Follow-up 2: In October, I posted a note on Caporetto. Since then, Mark Thompson has written in the TLS about Hemingway's sources for descriptions of the battleground in A Farewell to Arms. Other American writers who volunteered for ambulance duty in WWI include John Dos Passos and E. E. Cummings. John McGrath Morris has written a book about Hemingway and Dos Passos: The Ambulance Drivers.
Follow-up 3: I ended my recent post on Hegel in Canada with a note about Rupert Clendon Lodge. As I noted in 2016, one of Lodge's undergrad students was Marshall McLuhan. Lodge also taught the novelist W. O. Mitchell, who based a character (Dr. Lyons) partly on Lodge in Since Daisy Creek. So, add this to my "philosophers in fiction" set of posts.
Also, while there's no Wikipedia entry for Rupert Clendon Lodge, his relatives are certainly well represented there.
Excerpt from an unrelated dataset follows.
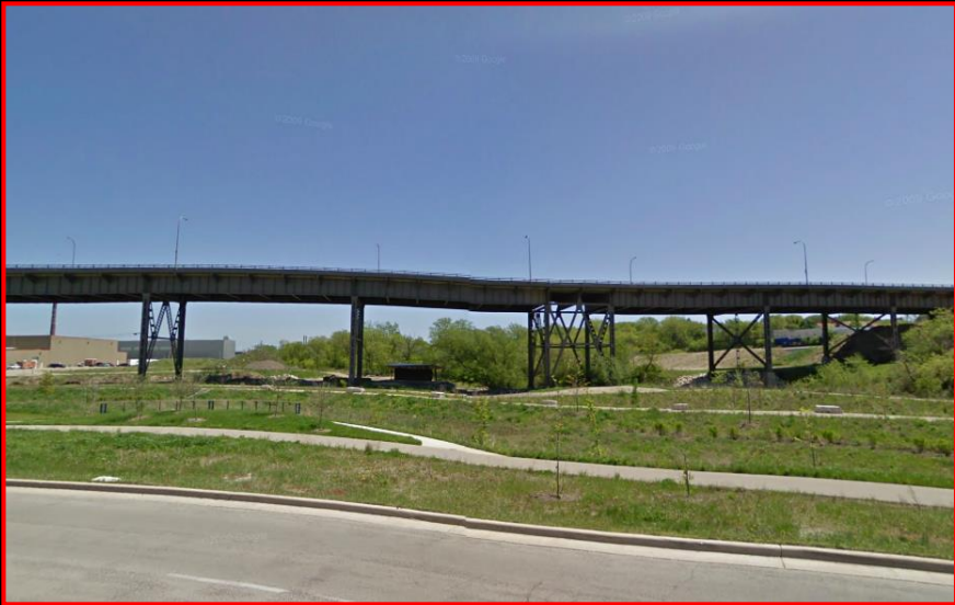
Facing east from W. Canal St.

One of his uncles was a physicist, Sir Oliver Lodge. Another uncle was a historian, Sir Richard Lodge. Rupert's aunt was also a historian, Eleanor Constance Lodge (CBE). A third uncle was the mathematician Alfred Lodge. Rupert's grand-uncle was Rev. Samuel Lodge. Among Rupert's 1st-cousins were Alexander Lodge and Oliver W. F. Lodge. Still more of his relatives have Wiki entries.